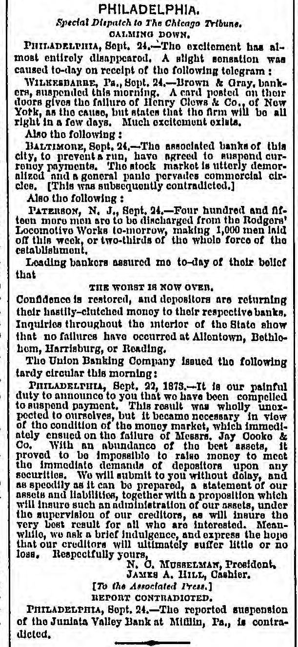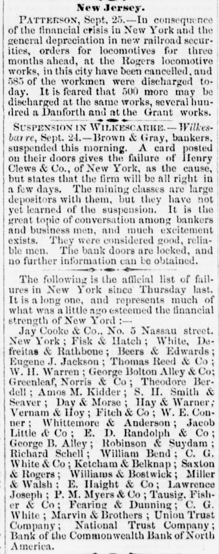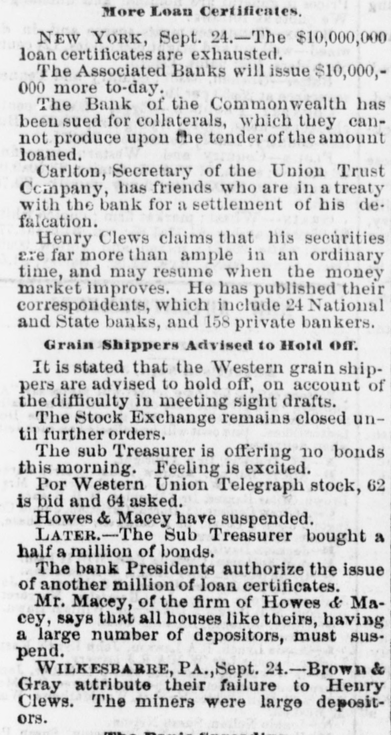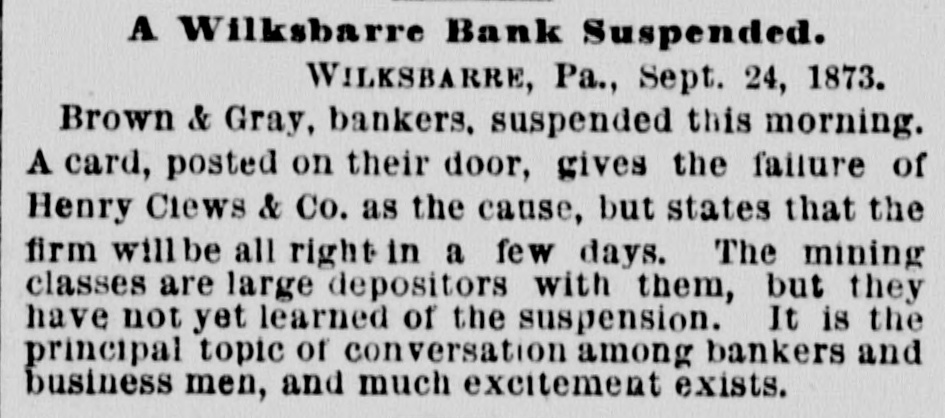The Situation in Pennsy Iyania. PHILADELPHIA, Sept. 24 No failures are rew ported at Alleutown. Bethelem, Harrisburg, Pa., and Trenton, N.J. SUSPENSION AT WILKESRARRE WILKESBABRE, PA., Sept. 24 -Brown & Gray, bankers, have suspended, giving the failure of Clews & Co. as the cause, but stating that they will resume in a few days. The mining classes are large depositors with this firm, and much excitement exists. They were considered good and reliable men. EXCITEMENT IN RICHMOND. Two Banks Closed. A RUN ON THE OTHER BANKS. RICHMOND, VA., Sept. -The Dollar Savings bank closed this morning. Isaacs, Taylor & Williams have suspended on account of the scarcity of currency, their assets being double their liabilities. In both of the above concerns the stone-cutters employed at the government stone-yard were depositors to a large amount. There is considerable excitement in the neighborhood of the various banks. There is a run of small depositors on the banks, but all are holding out as yet and will doubtless weather the storm through the day, the Freedmen's Savings bank requiring legal notice, as also other private institutions. A general meeting of the members of the Chamber of Commerce, Corn Exchange, and Tobacco Association, and leading merchants will be held at one o'clock to consider the state of affairs and adopt some measures to strengthen the public confidence.
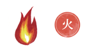 火が燃えるときの熱く明るい性質。季節では夏、方角では南。五臓では「心(心臓)」に対応。喜びの感情や高揚感が高まりすぎると「心」に負担がかかる。
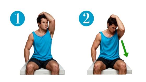 3. 此时,用左臂(或手)轻轻地将头部向下“引导”,让目光看向左侧腋窝的方向,直到感觉颈部右侧有轻微拉伸感。
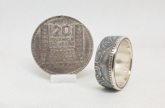 Bague pièce de monnaie 20 Francs Turin en argent style alliance avec gravure (coin ring)
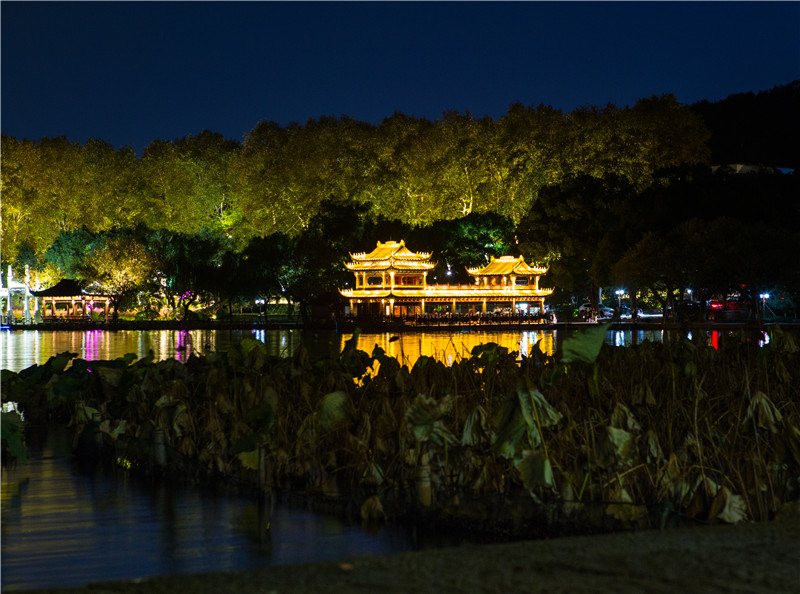 2 杭州夜色下西湖邊上建筑群燈光秀,夢回唐朝
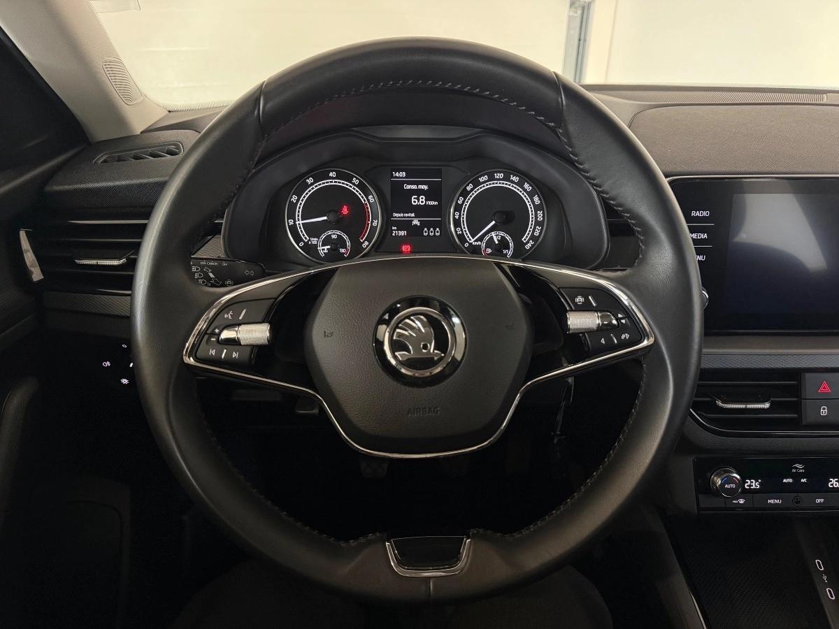 Ce Škoda Kamiq 1.0 TSI 110 EVO en finition Ambition séduit par son design actuel, son habitabilité généreuse et sa technologie embarquée.
++++
Copy each line above exactly, with no images.

• Written answer:
The Situation in Pennsy Iyania. PHILADELPHIA, Sept. 24 No failures are rew ported at Alleutown. Bethelem, Harrisburg, Pa., and Trenton, N.J. SUSPENSION AT WILKESRARRE WILKESBABRE, PA., Sept. 24 -Brown & Gray, bankers, have suspended, giving the failure of Clews & Co. as the cause, but stating that they will resume in a few days. The mining classes are large depositors with this firm, and much excitement exists. They were considered good and reliable men. EXCITEMENT IN RICHMOND. Two Banks Closed. A RUN ON THE OTHER BANKS. RICHMOND, VA., Sept. -The Dollar Savings bank closed this morning. Isaacs, Taylor & Williams have suspended on account of the scarcity of currency, their assets being double their liabilities. In both of the above concerns the stone-cutters employed at the government stone-yard were depositors to a large amount. There is considerable excitement in the neighborhood of the various banks. There is a run of small depositors on the banks, but all are holding out as yet and will doubtless weather the storm through the day, the Freedmen's Savings bank requiring legal notice, as also other private institutions. A general meeting of the members of the Chamber of Commerce, Corn Exchange, and Tobacco Association, and leading merchants will be held at one o'clock to consider the state of affairs and adopt some measures to strengthen the public confidence.
 火が燃えるときの熱く明るい性質。季節では夏、方角では南。五臓では「心(心臓)」に対応。喜びの感情や高揚感が高まりすぎると「心」に負担がかかる。
 3. 此时,用左臂(或手)轻轻地将头部向下“引导”,让目光看向左侧腋窝的方向,直到感觉颈部右侧有轻微拉伸感。
 Bague pièce de monnaie 20 Francs Turin en argent style alliance avec gravure (coin ring)
 2 杭州夜色下西湖邊上建筑群燈光秀,夢回唐朝
 Ce Škoda Kamiq 1.0 TSI 110 EVO en finition Ambition séduit par son design actuel, son habitabilité généreuse et sa technologie embarquée.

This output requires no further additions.